Poland: The government is planning to shape the procedure for obtaining approvals for mergers & acquisitions more quickly and effectively.
The government is planning to shape the procedure for obtaining approvals for mergers & acquisitions more quickly and effectively.
A proposal for amendments to the Act on Competition and Consumer Protection had already been prepared by the government in mid-2013 and later sent to the Polish parliament. Extensive changes in Polish competition law are expected to come into force in the second half of 2014 regarding e.g.: merger control, the leniency procedure, controls on businesses and liability of managers for violating competition rules.
As for merger control a particular plan is that the proceedings will be divided into two phases, a scheme already followed by EU law and many member state laws.
All "harmless" cases – and according to the Office of Competition and Consumer Protection these account for 80% of applications – should be decided by the authority within one month (instead of two as is now the case). That way the proceedings will end at the first stage.
The plan for complex or potentially harmful cases is that the Head of the Office of Competition and Consumer Protection could extend the term of proceedings by a further four months, thus starting the second phase.

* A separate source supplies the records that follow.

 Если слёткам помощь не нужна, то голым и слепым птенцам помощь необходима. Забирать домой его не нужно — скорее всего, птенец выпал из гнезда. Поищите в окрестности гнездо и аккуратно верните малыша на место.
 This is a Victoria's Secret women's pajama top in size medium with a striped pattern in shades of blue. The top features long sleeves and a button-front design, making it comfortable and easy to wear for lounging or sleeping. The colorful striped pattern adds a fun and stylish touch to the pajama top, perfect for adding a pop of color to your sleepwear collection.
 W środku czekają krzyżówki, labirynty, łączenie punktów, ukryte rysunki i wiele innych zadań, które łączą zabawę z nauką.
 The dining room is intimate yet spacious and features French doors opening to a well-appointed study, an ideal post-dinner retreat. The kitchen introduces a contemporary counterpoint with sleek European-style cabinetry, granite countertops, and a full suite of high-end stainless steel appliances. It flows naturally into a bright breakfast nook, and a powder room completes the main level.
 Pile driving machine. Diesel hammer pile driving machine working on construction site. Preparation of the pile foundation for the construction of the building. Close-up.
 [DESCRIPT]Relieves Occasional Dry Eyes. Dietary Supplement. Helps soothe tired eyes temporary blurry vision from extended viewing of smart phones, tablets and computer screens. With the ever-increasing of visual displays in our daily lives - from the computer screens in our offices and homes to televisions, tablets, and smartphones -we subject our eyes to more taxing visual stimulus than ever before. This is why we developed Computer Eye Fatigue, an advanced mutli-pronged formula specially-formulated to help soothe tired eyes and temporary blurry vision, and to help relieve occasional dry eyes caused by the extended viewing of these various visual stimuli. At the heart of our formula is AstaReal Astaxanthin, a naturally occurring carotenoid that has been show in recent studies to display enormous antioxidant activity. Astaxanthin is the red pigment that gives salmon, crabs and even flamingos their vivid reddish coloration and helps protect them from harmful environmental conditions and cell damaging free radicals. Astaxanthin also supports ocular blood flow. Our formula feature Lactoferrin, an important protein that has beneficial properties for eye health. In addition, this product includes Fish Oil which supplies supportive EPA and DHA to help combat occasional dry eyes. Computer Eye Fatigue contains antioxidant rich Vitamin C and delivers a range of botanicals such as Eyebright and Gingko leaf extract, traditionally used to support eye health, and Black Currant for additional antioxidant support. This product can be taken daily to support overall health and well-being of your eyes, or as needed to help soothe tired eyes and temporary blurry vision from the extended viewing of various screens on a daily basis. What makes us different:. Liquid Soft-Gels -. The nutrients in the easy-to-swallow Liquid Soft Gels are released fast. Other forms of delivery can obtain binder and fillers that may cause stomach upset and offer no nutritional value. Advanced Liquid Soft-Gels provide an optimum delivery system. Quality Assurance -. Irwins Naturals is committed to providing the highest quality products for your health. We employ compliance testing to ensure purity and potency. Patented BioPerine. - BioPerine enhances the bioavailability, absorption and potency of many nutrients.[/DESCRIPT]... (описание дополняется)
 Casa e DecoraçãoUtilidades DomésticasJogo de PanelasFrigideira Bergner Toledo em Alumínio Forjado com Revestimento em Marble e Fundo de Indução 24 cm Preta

Together with the prolongation the participants should be presented with potential concerns as to a planned concentration (identified threats to competition rules) or with the conditions under which such a concentration might be approved. This will enable businesses to present their standpoint as to concerns raised (until now that possibility arose only upon receiving a negative decision from the authority).

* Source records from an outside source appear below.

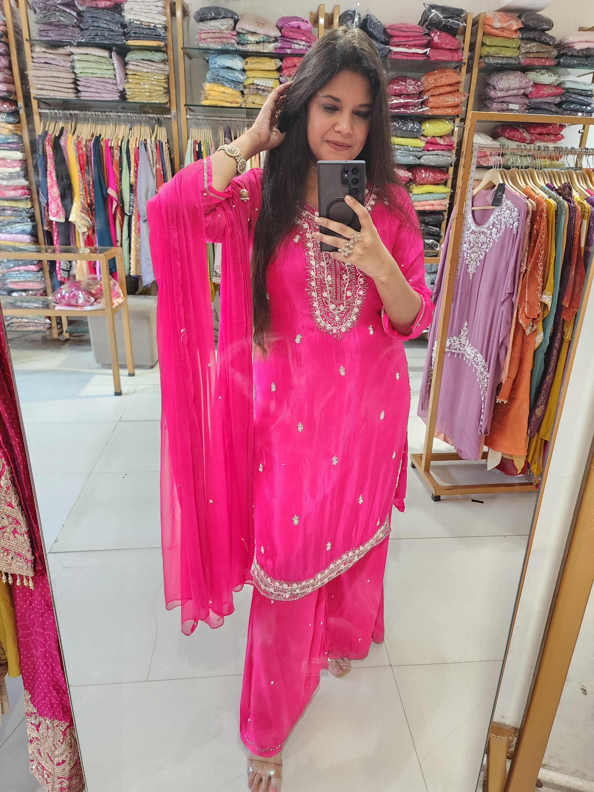 Hotpink Embroided sharara suit
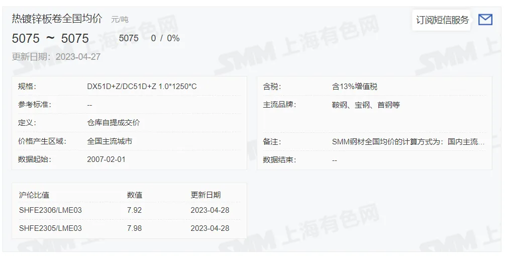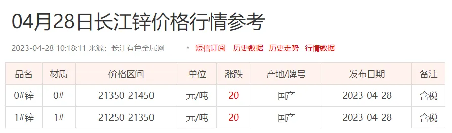 锌锭价格:
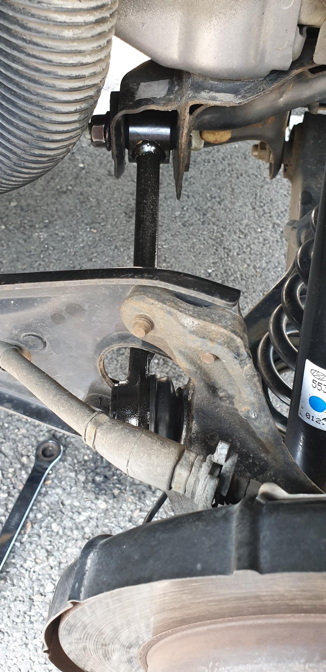 이쪽은 부싱이다 보니 공차체결을 해 주는 것이 좋은데 노상에서 이걸 제대로 할 수는 없고 자키로 로어암 하단을 어느 정도 올린 상태에서 체결하면 공차체결 효과를 어느 정도 얻을 수 있다. 체결 토크 11 ~ 12 kgf.m

Although many of the provisions of the proposed amendment have attracted criticism, particularly in view of managers' liability, the planned changes in the merger control procedure should overall be assessed as positive. Even so, the rules on extension of the proceedings, presentation of concerns and deadlines to be followed could have been formulated more precisely.
In case of complex or potentially harmful applications the length of the proceedings will not be extended in practice, given that the hitherto binding deadline of two months is not observed anyway – in particular, additional questions are always raised by the authority. In simpler cases the deadline will hopefully be shortened thanks to the amendment. In turn the inevitable adverse consequences of a corporate "interregnum" period can be minimized.